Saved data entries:
═══
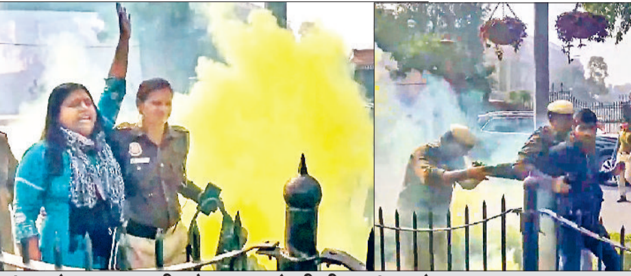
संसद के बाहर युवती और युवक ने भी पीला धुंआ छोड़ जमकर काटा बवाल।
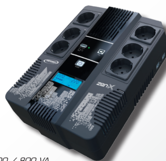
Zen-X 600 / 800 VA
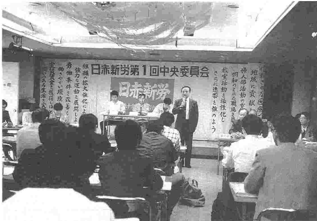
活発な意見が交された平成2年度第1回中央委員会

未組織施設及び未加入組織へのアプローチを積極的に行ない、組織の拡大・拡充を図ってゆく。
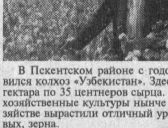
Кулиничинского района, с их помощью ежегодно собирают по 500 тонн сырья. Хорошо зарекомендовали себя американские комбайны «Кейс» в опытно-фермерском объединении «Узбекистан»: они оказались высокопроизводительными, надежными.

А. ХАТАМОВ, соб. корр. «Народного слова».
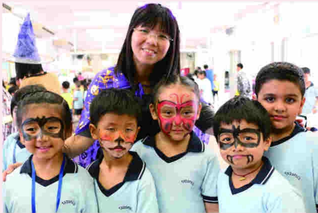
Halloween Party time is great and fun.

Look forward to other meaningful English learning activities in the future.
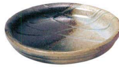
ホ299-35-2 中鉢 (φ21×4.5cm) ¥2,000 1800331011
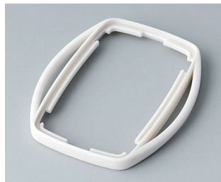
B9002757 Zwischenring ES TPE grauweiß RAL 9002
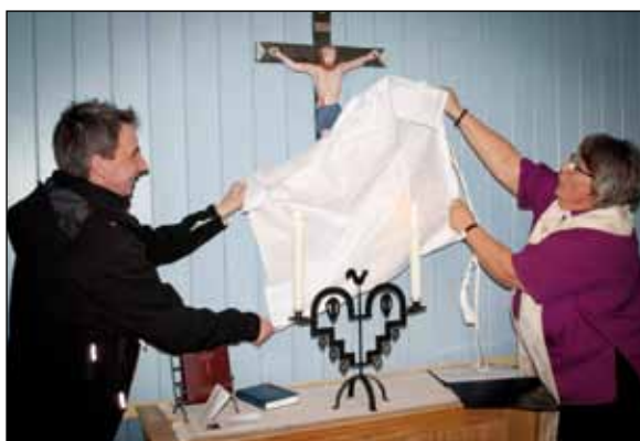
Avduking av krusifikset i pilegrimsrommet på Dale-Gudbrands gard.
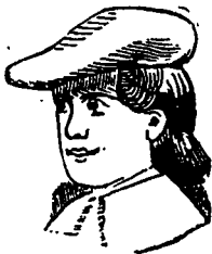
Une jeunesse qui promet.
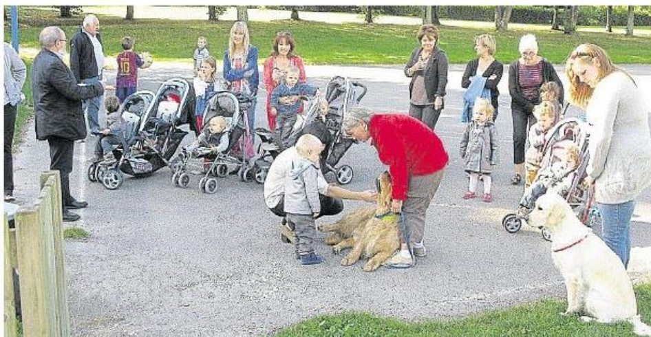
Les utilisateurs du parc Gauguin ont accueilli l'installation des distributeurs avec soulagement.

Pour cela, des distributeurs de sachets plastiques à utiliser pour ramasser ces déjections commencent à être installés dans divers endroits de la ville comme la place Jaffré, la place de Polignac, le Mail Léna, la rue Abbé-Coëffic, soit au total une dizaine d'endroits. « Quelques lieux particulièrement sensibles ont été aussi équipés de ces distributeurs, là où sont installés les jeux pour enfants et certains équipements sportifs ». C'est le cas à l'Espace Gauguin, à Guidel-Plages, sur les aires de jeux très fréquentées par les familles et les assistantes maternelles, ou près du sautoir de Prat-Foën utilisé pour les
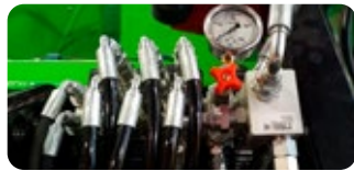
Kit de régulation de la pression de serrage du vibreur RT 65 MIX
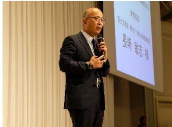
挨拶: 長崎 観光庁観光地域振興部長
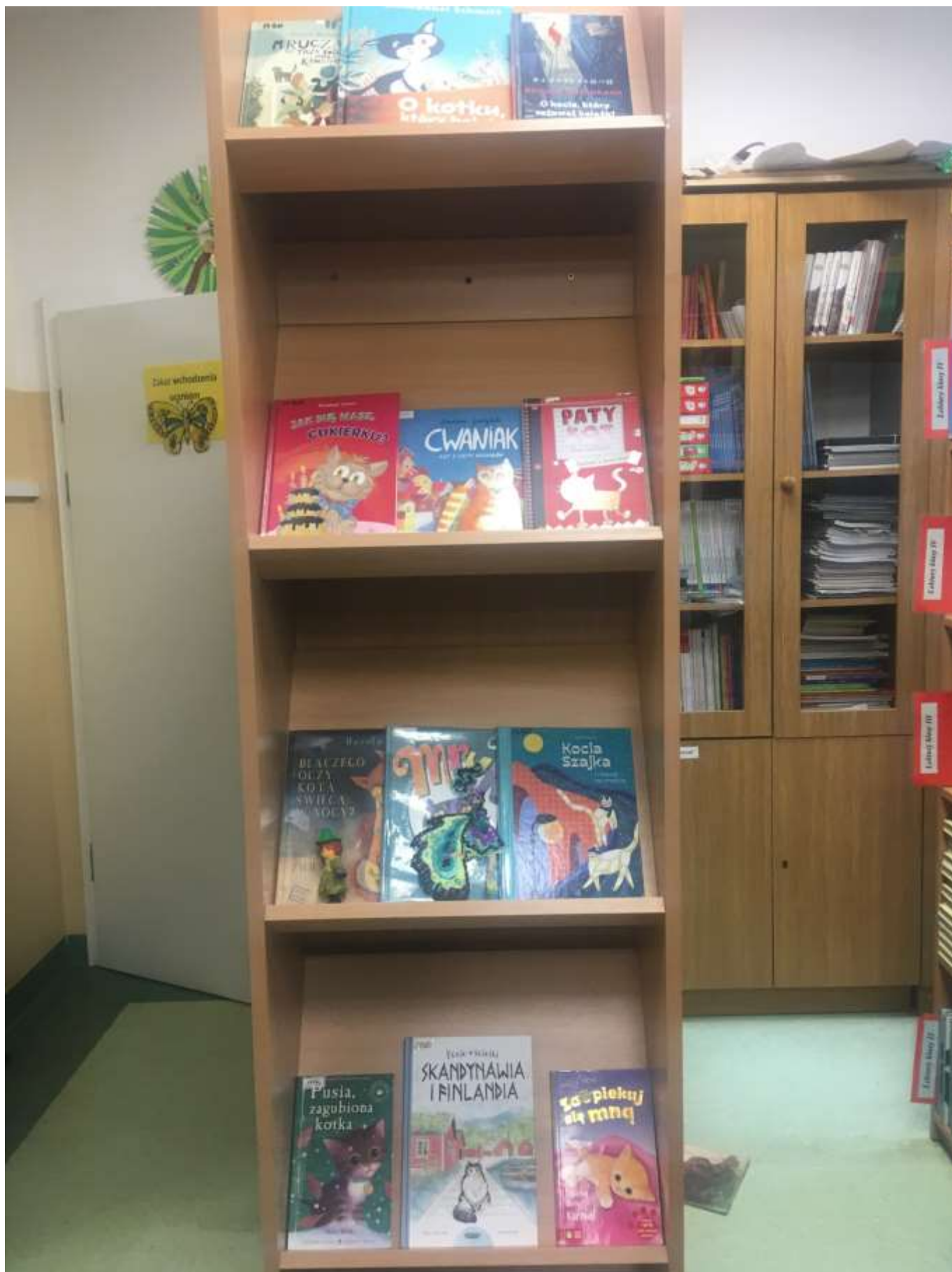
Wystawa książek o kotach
═══
Assigned task:
If a line above contains the word "distributeurs", list it.

Answer section:
Les utilisateurs du parc Gauguin ont accueilli l'installation des distributeurs avec soulagement.
Pour cela, des distributeurs de sachets plastiques à utiliser pour ramasser ces déjections commencent à être installés dans divers endroits de la ville comme la place Jaffré, la place de Polignac, le Mail Léna, la rue Abbé-Coëffic, soit au total une dizaine d'endroits. « Quelques lieux particulièrement sensibles ont été aussi équipés de ces distributeurs, là où sont installés les jeux pour enfants et certains équipements sportifs ». C'est le cas à l'Espace Gauguin, à Guidel-Plages, sur les aires de jeux très fréquentées par les familles et les assistantes maternelles, ou près du sautoir de Prat-Foën utilisé pour les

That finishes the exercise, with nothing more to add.